Executive Director, Multi Channel at House of Fraser
16 September 2009 10:23am
Hello. Please can someone help us to determine what the best length for our cookie expiry is? I have read that 30 days is the best practice but i dont understand why that would be better than say 30 days, 90 days or 365 days.
If a customer only makes a purchase every 60 days then my understanding of analytics means that a 30 day cookie will not give us the ability to understand the relationship between the original purchase and the second browsing session.
Any thoughts on this?
European Web Analytics Specialist at Canon Europe
22 September 2009 11:25am
The limiter to cookie length is the speed at which they are deleted or blocked - long length will lead to skewed data.
HOw about considering how you can track your regular sustomers using a form of cookie and email matching - pretty standard practice for ecommerce...that way you segment between your established and aquisitional traffic...what do you think?
Head of team at Aedgency
22 September 2009 16:28pm
Talking about site analytics, the longer, the better. Provided that it has no prohibitive additional cost to store the data, the more information you have on customer loyalty, the better.
Regarding online advertising, it's the contrary. The longer the cookie window, the more you will pay, if you are on CPA deals such as affiliation or blind networks. It also depends whether you're considering post view activity (as a lot of blind networks default to) or only post click. Definitely cookie window for postview should be very limited.
Yet, if have a unique tracking solution for all your traffic sources, it's always usefull to understand the customer journey, especially when it comes to search patterns (see http://www.rimmkaufman.com/rkgblog/2008/11/05/cookie-windows/).

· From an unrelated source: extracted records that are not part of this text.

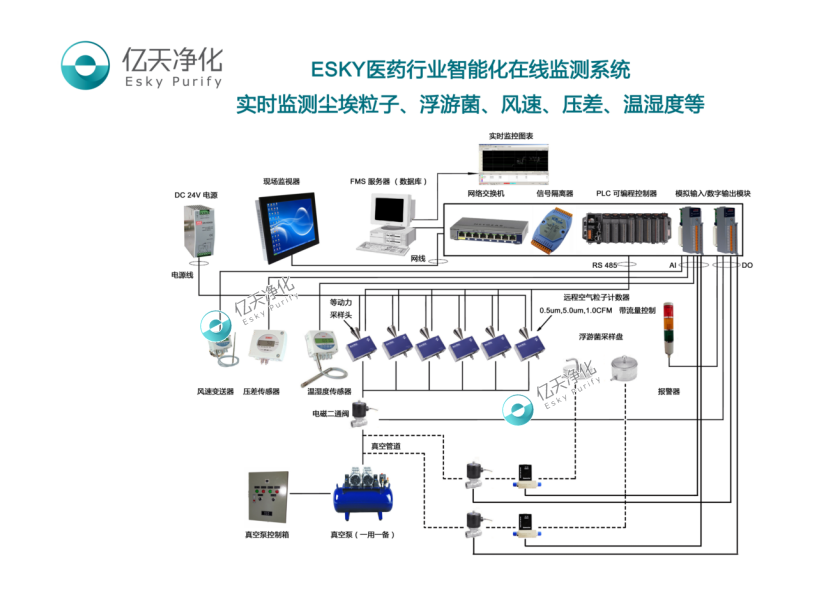 深圳億天凈化提供的ESKY智能化在線監測系統,使用符合FDA 21 CFR Part11的專業制藥監控軟件,符合美國FDA、歐洲GMP、中國新版GMP對無菌藥品生產的相關規范,為制藥企業進行FDA、歐盟GMP、中國新版GMP認證提供可靠的數據支持。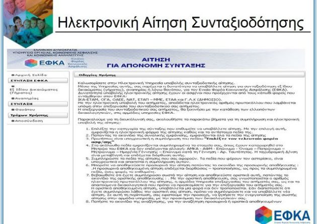 Η αίτηση συνταξιοδότησης υποβάλλεται σε ενιαία ηλεκτρονική φόρμα από όλους τους ασφαλισμένους μέσω της ιστοσελίδας του ΕΦΚΑ, με τους κωδικούς του taxisnet -διαθέσιμη εδώ- ανεξάρτητα από το πόσοι ήταν οι φορείς ασφάλισής τους. Στη συνέχεια, ο αιτών μπορεί να ενημερώνεται ηλεκτρονικά για την πορεία της αίτησης. Παράλληλα, εξακολουθεί η διάθεση έντυπων αιτήσεων για όσους επιθυμούν να υποβάλλουν την αίτηση σε έντυπη μορφή.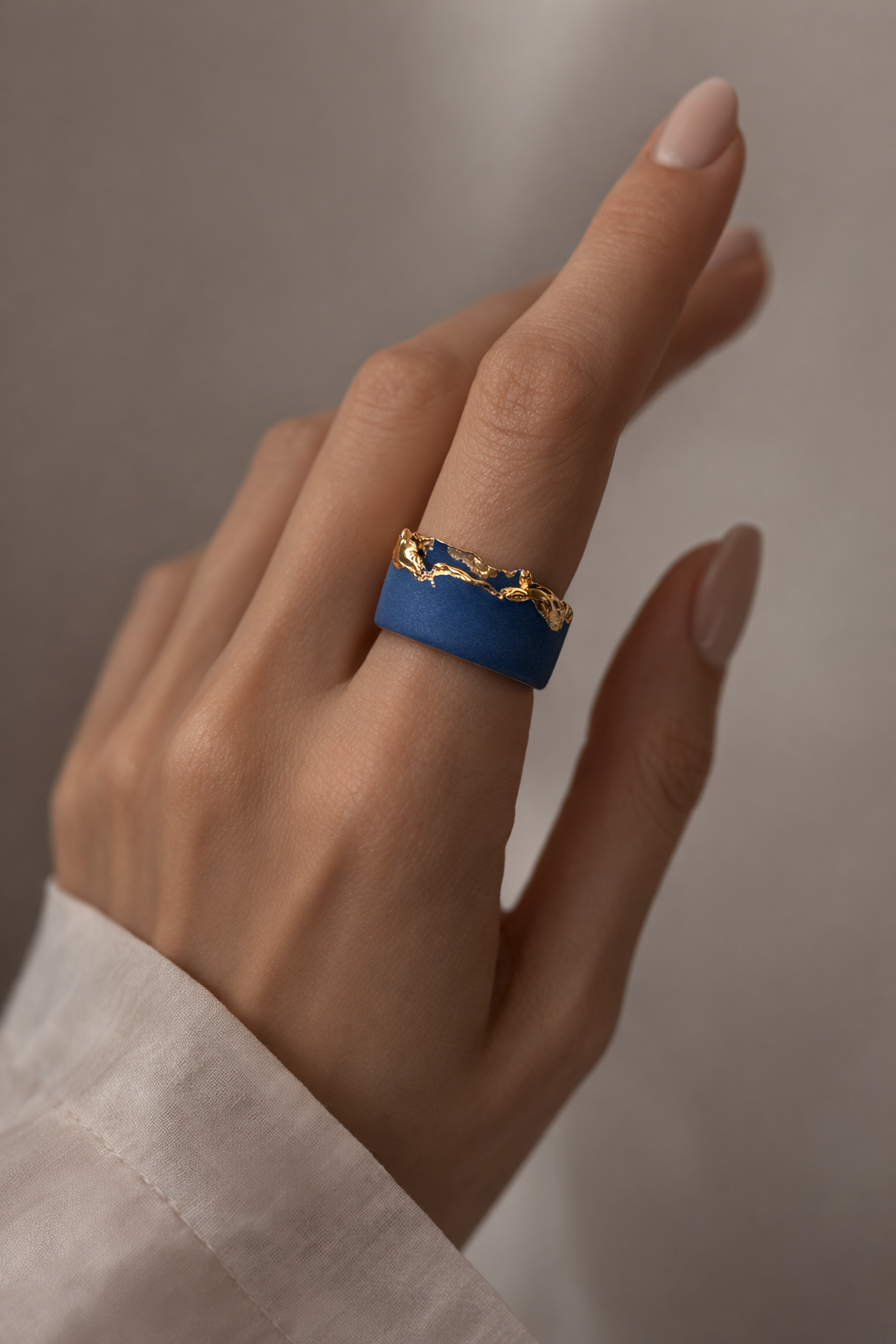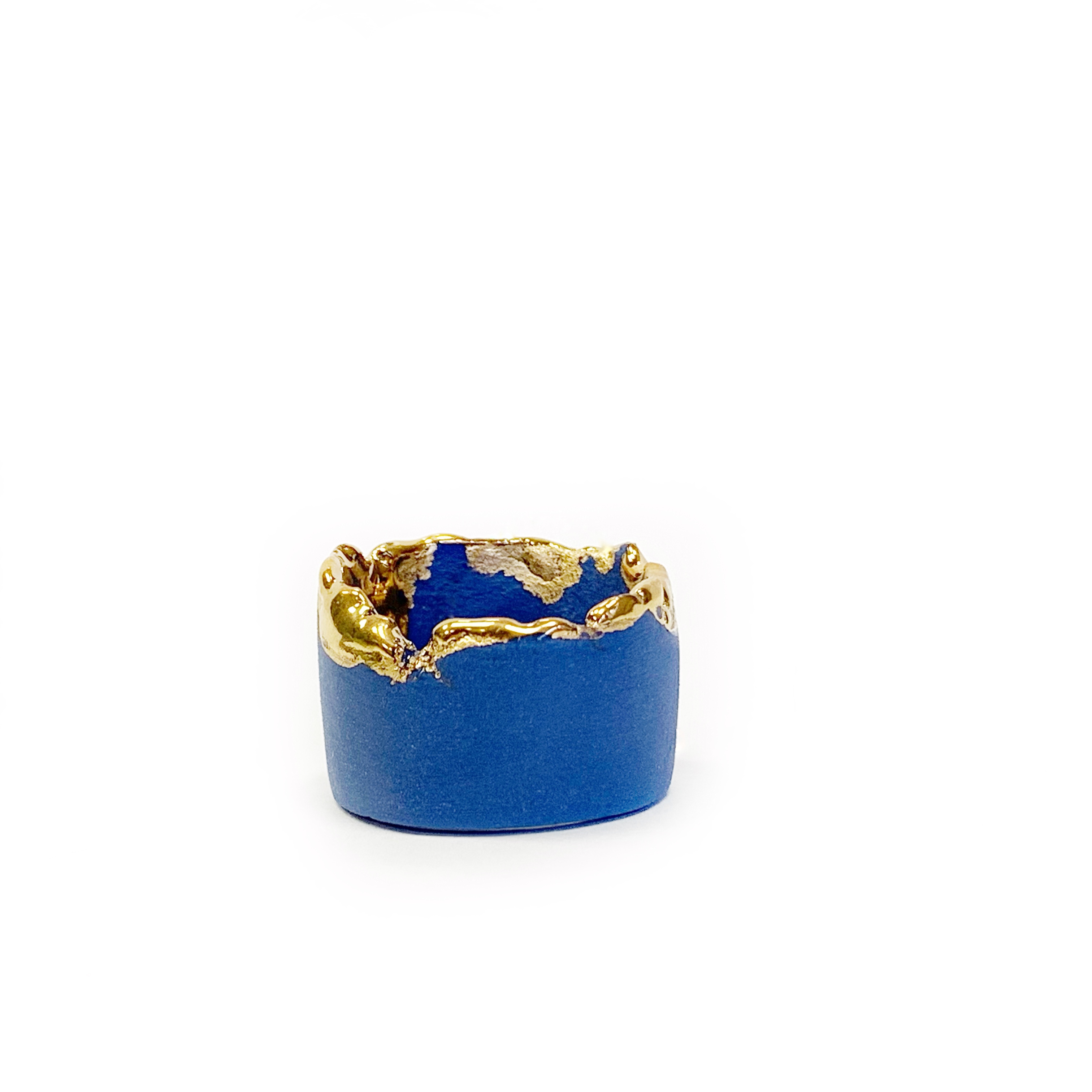 Mėlynas porcelianinis žiedas, dengtas aukso liustra.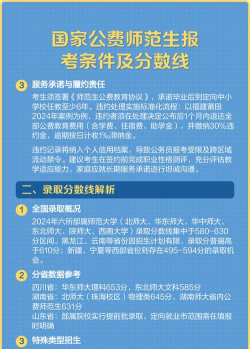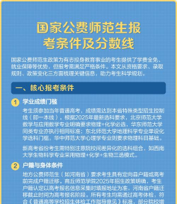 一、分数。国家公费师范生分数较高,一般在600分以上。省属公费师范生根据各县经济情况会有波动。二、户籍。国家公费师范生不限户籍,省属公费师范生要求定向县的户籍。三、体检。必须符合高考体检的相关要求。四、单科成绩。学校如有要求也必须符合。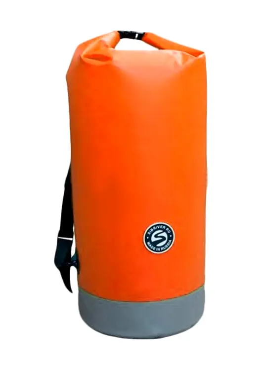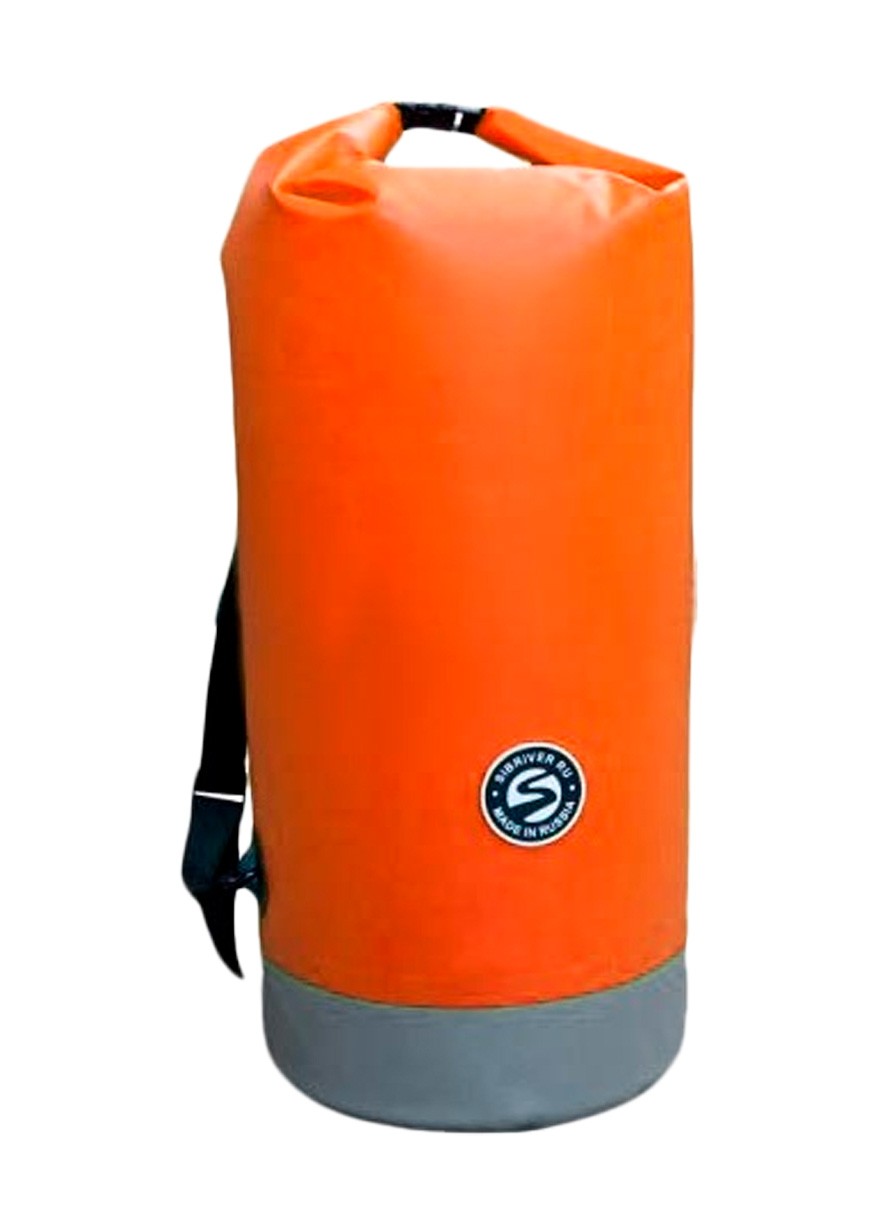 Герморюкзак SibRiver объёмом 100 литров выполнен в оранжевом цвете. Он имеет усиленное дно из материала толщиной 1,2 мм. В комплекте идут компрессионные стропы для крепления груза и дополнительный клапан для увеличения объёма.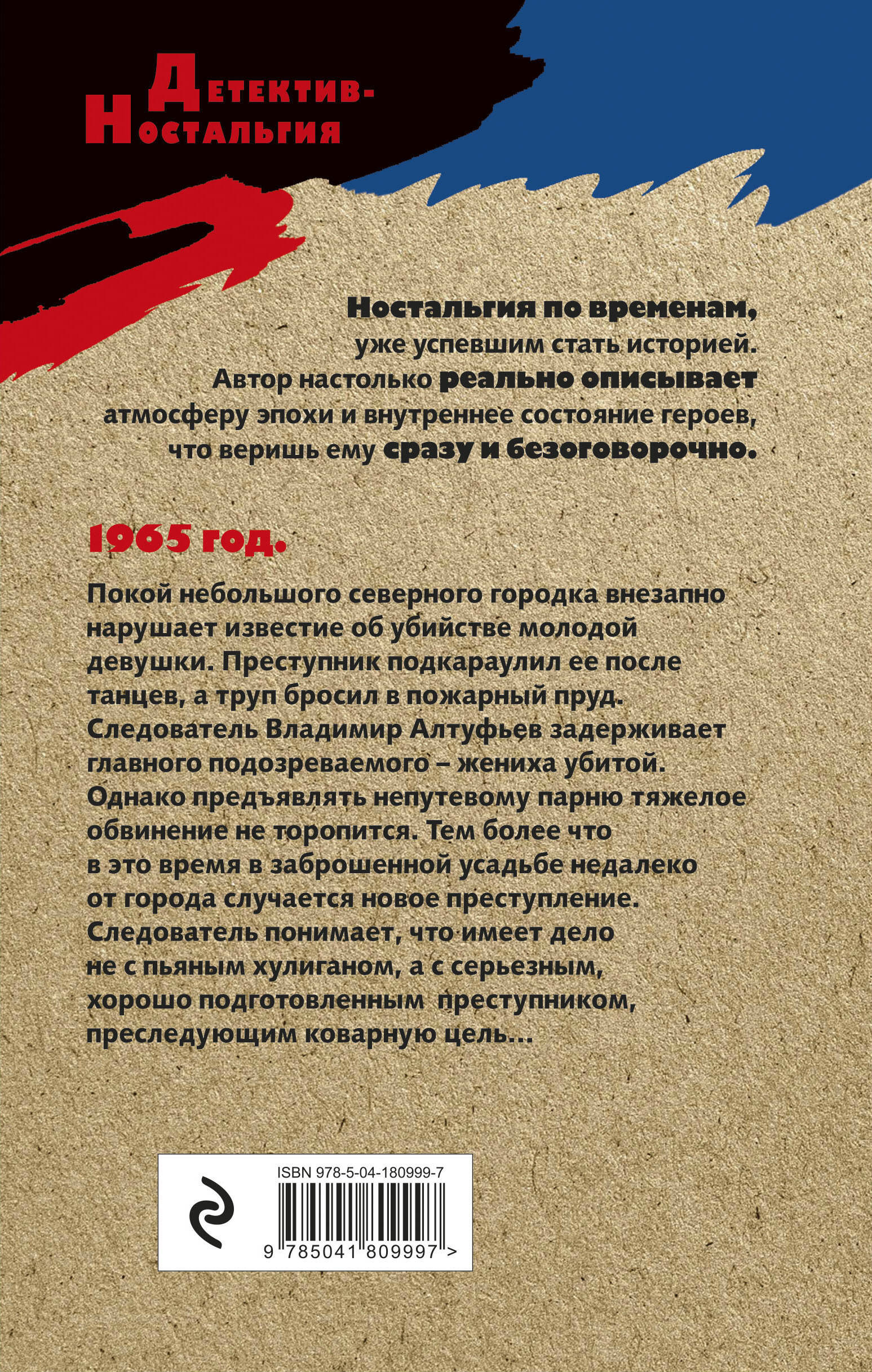 Ностальгия по временам, уже успевшим стать историей. Автор настолько реально описывает атмосферу эпохи и внутреннее состояние героев, что веришь ему сразу и безоговорочно. 1965 год. Покой небольшого северного городка внезапно нарушает известие об убийстве молодой девушки. Преступник подкараулил ее после танцев, а труп бросил в пожарный пруд. Следователь Владимир Алтуфьев задерживает главного подозреваемого - жениха убитой. Однако предъявлять непутевому парню тяжелое обвинение не торопится. Тем более что в это время в заброшенной усадьбе недалеко от города случается новое преступление. Следователь понимает, что имеет дело не с пьяным хулиганом, а с серьезным, хорошо подготовленным преступником, преследующим коварную цель… Уникальная возможность на время вернуться в недавнее прошлое и в ощущении полной реальности прожить вместе с героями самый отчаянный отрезок их жизни.| Издательство | ООО "Издательство "Эксмо" |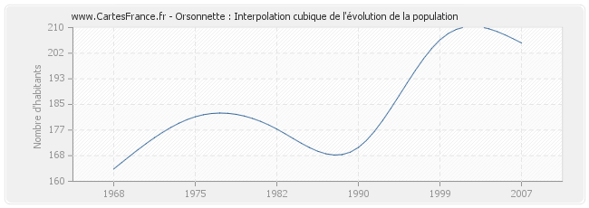 Cette courbe reprend l'historique de la population d'Orsonnette de 1968 à 2007 en interpolation cubique. Ceci permet d'obtenir plus précisément la population de la commune d'Orsonnette les années ou aucun recensement n'a été effectué.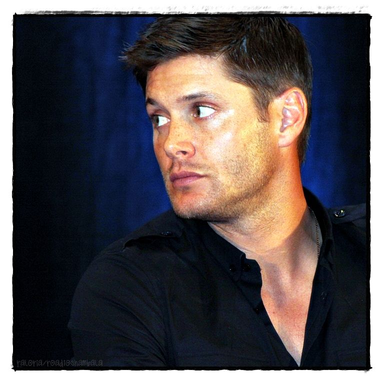 Jensen's handsome neck on display w/bonus arched eyebrow. :)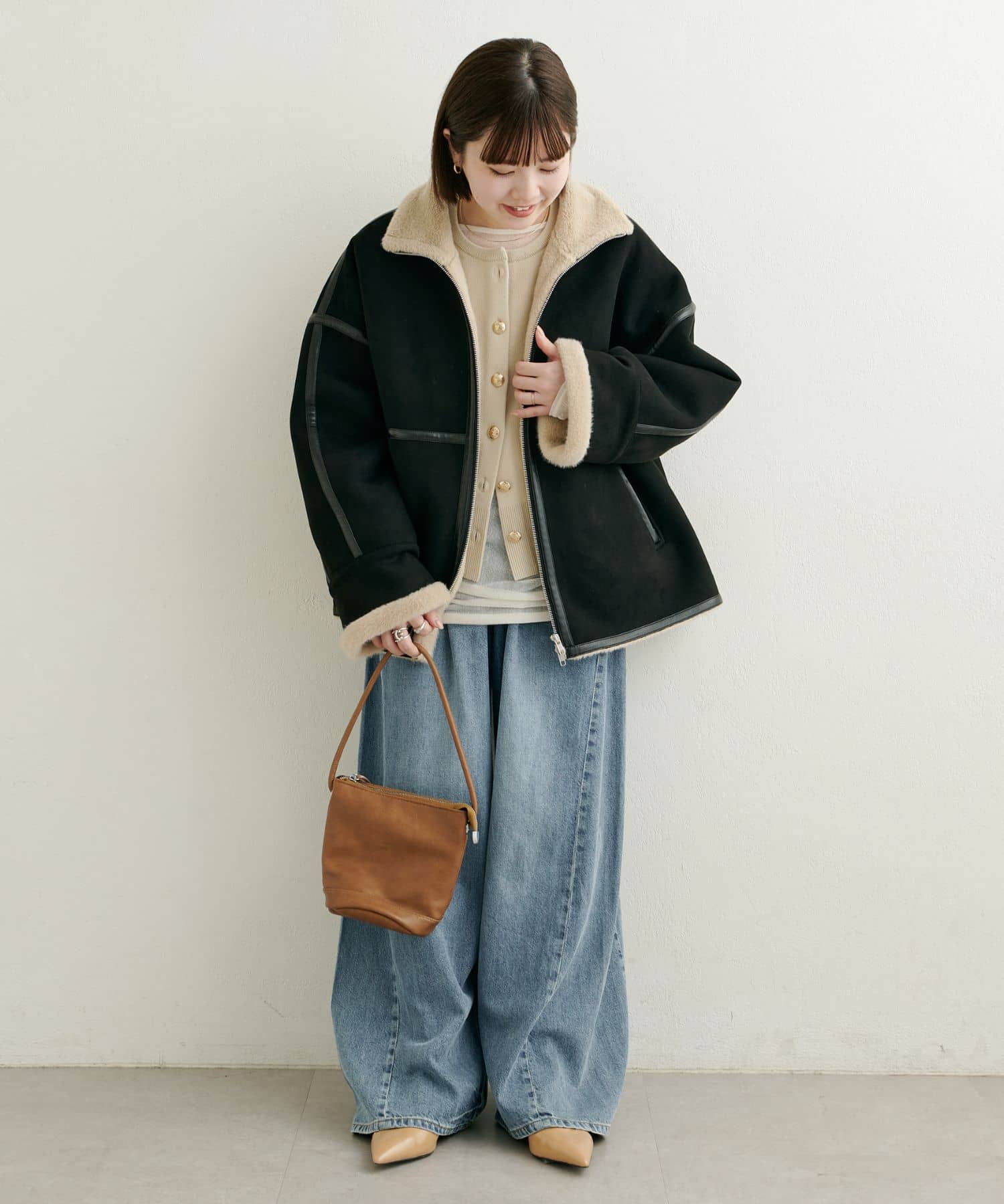 カジュアルなアイテムとも相性抜群のムートンコート。

Director at Yard Associates
23 September 2009 16:53pm
Just to add to the comments already provided, the cookie length for analytics normally refers to a period of inactivity, after which a user is counted as having expired from a marketing point of view. For tracking repeat sales, the cookie length is normally set to some distant date, which is extended on every subsequent visit.
For example, I visited the WebTrends website today, and was tracked using their analytics tool. The cookie expiry date currently set in my browser is 19th September 2019. So, whilst my visits will no longer be attributed to the marketing method I used to enter after 30 days, my transactional history will continue until 2019.
...unless of course I delete my cookies, or buy a new computer in the meantime!
CEO at Econsultancy
29 September 2009 14:41pm
You're correct that 30 days has often been the default, at least for marketing/advertising tracking online. However, I found out recently that Google Analytics' default is set to 60 days.
It's the same with the length of a 'session' or visit which, by most web server standards, is usually set to 30 minutes.
But what is right depends on your business, the way you wish to understand the data, or, just possibly, what you want to make the data say!
- If you want to make it look like you're getting more visits to your site just reduce the timeout value on your webserver and/or web analytics software. Bingo ! More visits. But probably also annoyed customers whose session data evaporated when they came back to your site having just gone to make a cup of tea.
- If you want to pay your affiliates more, or less, then just adjust the cookie value up or down.
- If you want to make various forms of online marketing look more, or less, effective, then just adjust the cookie expiry length up or down. Some might say that because (paid) search has often received the 'last click' (coupon sites now doing well here) then it is in Google's interest to set the expiry length default in GA as long as possible because it will probably make paid search look more effective?
And, of course, with all the above, if you change your expiry length you'll have data / stats that don't quite match up for a while until the changes have worked through and you have new benchmarks to work with.
I guess a lot depends on how you measure value, how you choose to reward others (affiliates etc.) for value creation, and your product/customer base e.g. if you're selling CDs then the consideration/purchase window is *much less* than if you're selling mortgages so your cookie expiry length would, presumably, be much shorter too.
Crudely speaking I guess your cookie expiry length could be as long as the consideration/purchase window for, say, 80% of your customers?